Regions with significant populations
- Israel: 3,500

Languages
- Liturgical: Mizrahi Hebrew; Traditional: Berber; also Judeo-Arabic with Judeo-Berber as a contact language; Modern: typically the language of whatever country they now reside in, including Modern Hebrew in Israel;

Religion
- Judaism

Related ethnic groups
- Maghrebi Jews Mizrahi Jews Sephardi Jews Other Jewish groups Berbers

= Berber Jews =

Berber-speaking Jewish people in North Africa

Berber Jews are the Jewish communities of the Tamazgha, in North Africa, who historically spoke Berber languages.
Between 1950 and 1970 most emigrated to France, Israel and the United States.

==History==
===Antiquity===
Jews have settled in the Tamazgha since at least the second century. According to one theory, which is based on the fourteenth-century writings of Arab philosopher Ibn Khaldun and was influential during the 20th century, Berbers adopted Judaism from these arrived Jews before the Arab conquest of North Africa. For example, French historian Eugène Albertini dates the Judaization of certain Berber tribes and their expansion from Tripolitania to the Saharan oases to the end of the 1st century.

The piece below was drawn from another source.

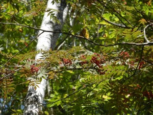 そろそろ色を変え始めた森の中、たわわに赤い実を付けているのはナナカマド。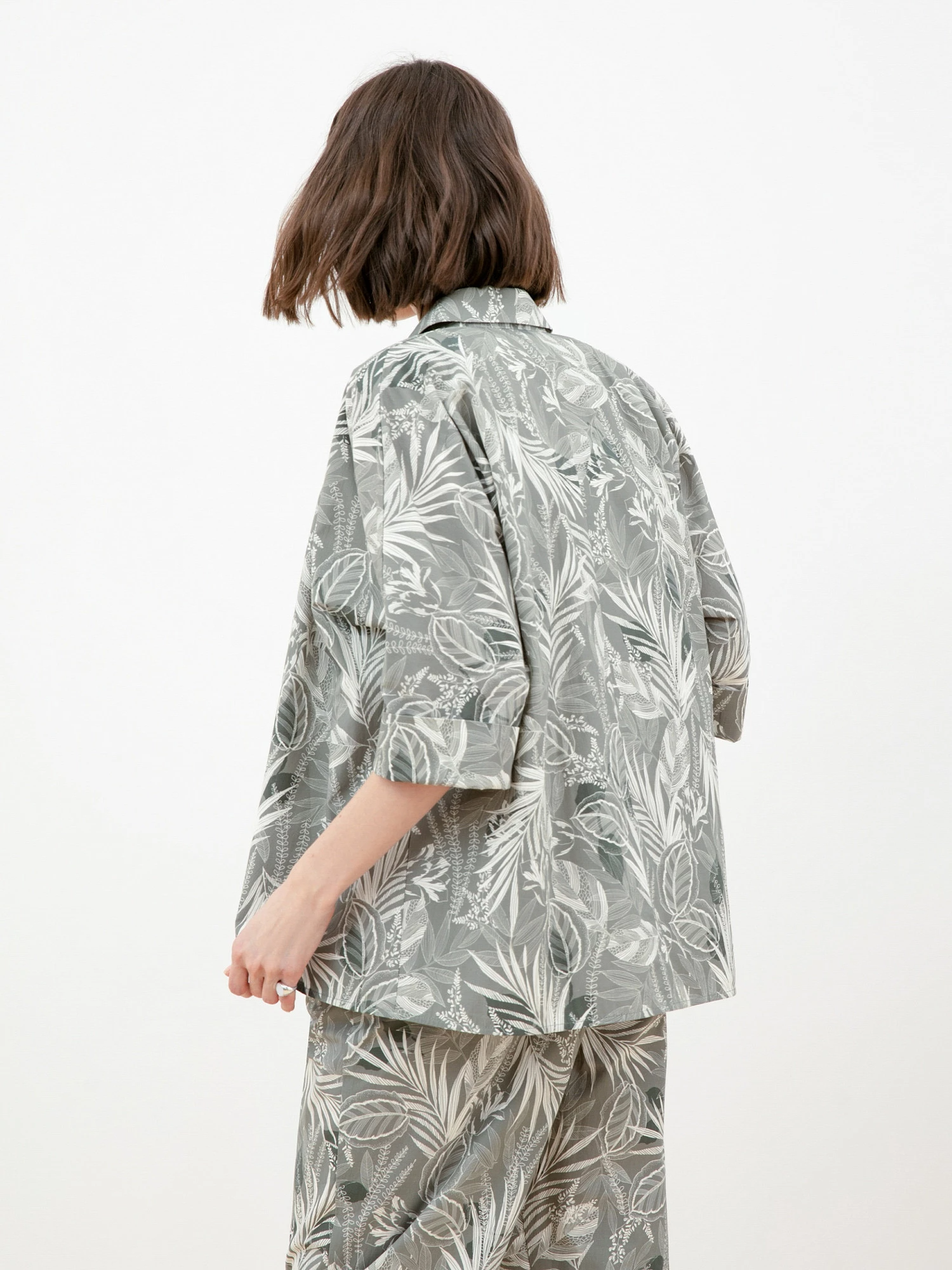 Блуза прямого ситуэта из хлопковой ткани в растительный принт. Воротник отложной, рукав-кимоно, низ рукава обработан притачной манжетой. Застежка потайная на пуговицы.

Marcel Simon for his part, sees the first point of contact between the western Berbers and Judaism in the great Jewish Rebellion of 66–70 CE. Some historians believe, based on the writings of Ibn Khaldoun and other evidence, that some or all of the ancient Judaized Berber tribes later adopted Christianity and afterwards Islam, and it is not clear if they are a part of the ancestry of contemporary Berber-speaking Jews. According to Joseph Chetrit, recent research has shown weaknesses in the evidence supporting Ibn Khaldun's statement, and "seems to support scholars' hypothesis that Jews came to North Africa from ancient Israel after a stay in Egypt and scattered progressively from East to West, from the Middle East to the Atlantic in the Hellenic-Roman Empire".

===Islamic period===
It is possible that the Barghawata confederacy had a Judeo-Berber background, though accounts of entire Berber tribes practicing Judaism appear later and are unreliable.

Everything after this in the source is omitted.